Lady Gemima and Lord Hugo Hammersley had suggested lunch in the English countryside near their country residence. Our trip was straight out of Downton Abbey. Lovely sunshine, the narrow, tree lined lanes meandering in the green rolling hills of the English countryside. Wondrous. All we really needed was a soft top E-type Jaguar to reach perfection. Alas, it was just the XF but the sunroof was open. Hurrah! We arrived at Stovell’s, a 16th century farmhouse, oak-beamed and very elegant. We were led to our table passing by a large, tempting leg of Iberico ham sitting on it’s carving table.
Lord Hugo had been to Stovell’s before and recommended we all have the Cote du Boeuf. We duly followed orders but we needed wine. Lord Hugo knows a thing or two about wine. Having dined in some of the finest restaurants in the course of his career as a diplomat, he also drank some of the finest wines. On expenses of course. We asked for the wine list and were informed that the sommelier would be over to see us. This came as a surprise as Stovell’s was not exactly full for a lunch time so it seemed an extravagance. We asked for suggestions for a French Bordeaux to accompany our steak and a white to accompany our starters of soup and foie gras. The waiter scanned the list and pointed to his choice. £80 a bottle. Harrumph! We explained that we’d like something a little less expensive”. He pondered and then chose a bottle at £65, no doubt trying to justify his existence by bringing in extra revenue. We explained again only to be rebuked as he informed us that we did not realise how much the price of Bordeaux wines had increased over the last few years. A fair observation if buying wines from the 1855 classification which we were not! So, we made our own choice at £39. Still overpriced we thought. Now for a white. Surely the sommelier had got the message?
His finger hovered over the list and fell upon a white at a mere £65 a bottle. What was this? Did he think we were some high rollers, come to deposit our funds in his wine vault? We ignored him and selected a Picpoul at £28. Unhappily, he declared with some bitterness ” it will not go with the foie gras!” and with a sneer he turned his back and stomped off. Now, dear readers, as you know your Doctor understands that a foie gras should really be accompanied by a rather unctuous sauternes but sometimes it just seems OTT. We concluded that the young sommelier needed a lesson in humility and also that he needed to heed his customers wishes more closely. No doubt he drinks Ch. Lafitte at home each evening.

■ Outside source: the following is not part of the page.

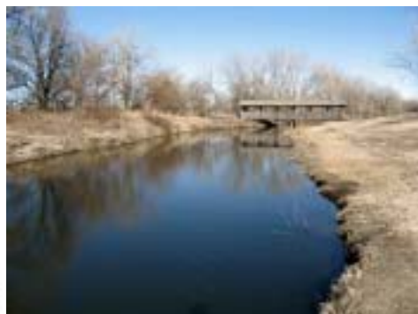
South Bridge Shallows
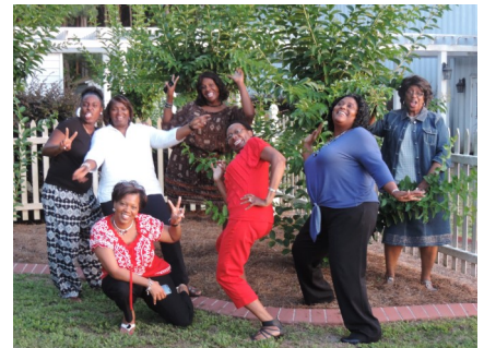
Hinesville Alumnae Fun shot!

Ahh, yes the food. We were graced with a large home made “semolina” cracker on a small metal washing line. Accompanying this were two sauces in small plastic squeezable bottles which one was meant to drip a piece of cracker. What a ridiculous idea. However, the sauces made sense as the cracker was tasteless. Thin rice cracker without any flavour. We were served amuse bouches of a small gazpacho soup in a glass which had a fresh-picked tomato flavour. Scrummy.
Our bread was accompanied by butter which perched on a rock. Another fad in Michelin star restaurants. Stovell’s isn’t a Michelin star restaurant. But one gets the impression it wants to be.
The foie gras was excellent as was the accompanying brioche. It also went very well with the picpoul, hurrah! The cote du boeuf arrived on two mini barbecues and was accompanied by a large bone with the bone marrow mixed with herbs. (see daguerreotype above). The meat was perfectly seared on the outside and tender and succulent on the inside. Lord H. was spot on with his recommendation. It was accompanied by large chips served in a small chip frying basket. Who would want a serving dish? See #wewantplates
Overall the meal was very good but overpriced. It was ruined by the pushy sommelier and it was trying a little too hard. As we all know the art of butter balancing on rocks is not simple. Michelin inspectors can easily spot poorly balanced butter and as for a poorly hung washing line…well, one mistake and that’s it until next inspection! So it is with Stovell’s. Their butter is slipping of its rock slightly and the washing line needs to be taken in. However, a return visit might be on the cards should they ditch that sommelier!